Absolutly not. I see 100 boats every night in August off ludington that dont have proper navigation lights, saftey equipment, half of them dont even look sea-worthey. Overloaded with kids, buddies, and beer. Motor smoking and chokin on gas thats been in the tank for 2 years. Bilge pump kicking on every 10 minutes. When the boat sinks, No-one is going to see you unless they hit you running back to the peir heads at 30MPH. Atleast if at some time in your boating experiance, you were forced to spend $10 on a pack of flares to keep on board, maybe you can be rescued before 5 tons of fiberglass and spinning props hits you, or you drown..... Is it really killing anybody to have to keep 3 flares on board?????


----------



## Ferg (Dec 17, 2002)

Jason Adam said:


> Absolutly not. I see 100 boats every night in August off ludington that dont have proper navigation lights, saftey equipment, half of them dont even look sea-worthey. Overloaded with kids, buddies, and beer. Motor smoking and chokin on gas thats been in the tank for 2 years. Bilge pump kicking on every 10 minutes. When the boat sinks, No-one is going to see you unless they hit you running back to the peir heads at 30MPH. Atleast if at some time in your boating experiance, you were forced to spend $10 on a pack of flares to keep on board, maybe you can be rescued before 5 tons of fiberglass and spinning props hits you, or you drown..... Is it really killing anybody to have to keep 3 flares on board?????

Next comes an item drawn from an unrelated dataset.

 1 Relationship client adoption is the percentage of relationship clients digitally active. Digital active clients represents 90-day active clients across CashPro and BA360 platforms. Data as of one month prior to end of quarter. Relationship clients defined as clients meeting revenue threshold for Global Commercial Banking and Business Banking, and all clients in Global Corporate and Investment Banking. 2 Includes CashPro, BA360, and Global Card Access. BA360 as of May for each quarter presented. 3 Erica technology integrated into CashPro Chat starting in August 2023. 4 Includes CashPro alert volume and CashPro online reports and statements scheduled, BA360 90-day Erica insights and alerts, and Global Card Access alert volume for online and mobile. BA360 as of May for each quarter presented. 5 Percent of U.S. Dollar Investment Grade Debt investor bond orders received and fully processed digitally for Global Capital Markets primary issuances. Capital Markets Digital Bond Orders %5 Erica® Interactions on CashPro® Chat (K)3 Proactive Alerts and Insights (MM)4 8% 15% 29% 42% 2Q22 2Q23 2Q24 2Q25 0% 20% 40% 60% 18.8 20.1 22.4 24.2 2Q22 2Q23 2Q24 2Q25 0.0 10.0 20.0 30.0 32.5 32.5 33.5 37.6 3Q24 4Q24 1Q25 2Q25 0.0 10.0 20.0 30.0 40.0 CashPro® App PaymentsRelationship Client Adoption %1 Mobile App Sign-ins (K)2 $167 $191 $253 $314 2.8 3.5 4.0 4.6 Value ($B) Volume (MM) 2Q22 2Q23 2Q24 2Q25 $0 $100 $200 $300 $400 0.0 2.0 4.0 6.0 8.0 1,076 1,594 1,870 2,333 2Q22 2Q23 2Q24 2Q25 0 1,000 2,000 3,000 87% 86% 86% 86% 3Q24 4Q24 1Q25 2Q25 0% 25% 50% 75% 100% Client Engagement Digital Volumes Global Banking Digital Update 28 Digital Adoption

Amen - People that take their water safety for granted or think 'it wont happen to me' are going to get what they deserve - the problem, the LARGEST problem that the USCG deals with is - STUPID - and there are no laws against being stupid - 

ferg....<<<<20+ years USCG>>>>


----------



## Jason Adam (Jun 27, 2001)

Ferg said:


> Amen - People that take their water safety for granted or think 'it wont happen to me' are going to get what they deserve - the problem, the LARGEST problem that the USCG deals with is - STUPID - and there are no laws against being stupid -
> 
> ferg....<<<<20+ years USCG>>>>


The big lake is a scary place to be in optimal conditions when you just can start the boat in the middle of the day. Things only get exponetially more chaotic in the dark, when the weathers bad, etc....

I take my saftey equipment and boat condition very seriously, and I still found myself stranded miles offshore twice this year, do to mechanical problems beyond my control, that hardly could have been avoided, on a 5 year old boat in mint shape. Once in the flat calm day, noon, but with 1/2 mile fog(11 miles ofshore). The other was 11:00pm 3 miles ofshore, pitch black, 1-2 footers. Niether of these situations are very good for the stress level, and these were not what I'd call "bad conditions". 

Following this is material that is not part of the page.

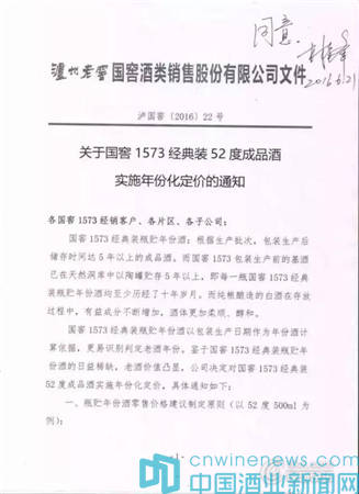 附:2016年《关于国窖1573经典装52度成品酒实施年分化定价的通知》

I go far above the required saftey equipment on my boat. Even if they werent required, you wouldnt catch me out there without ALL the approriote saftey gear, and then some...


----------



## alex-v (Mar 24, 2005)

Like Walleye Mike says, they are required by law. Plus, even the best of cell phones will not help someone find you fast on the water at night. Set off the flare and there is a good chance they will find you.

Having a cell phone is no guarantee that someone will see you out there in a storm, or even on a nice night with a full moon.


----------



## alex-v (Mar 24, 2005)

double trouble said:


> never had one of those night emergencies either. what i am getting at is the flare law outdated and is it time for repeal?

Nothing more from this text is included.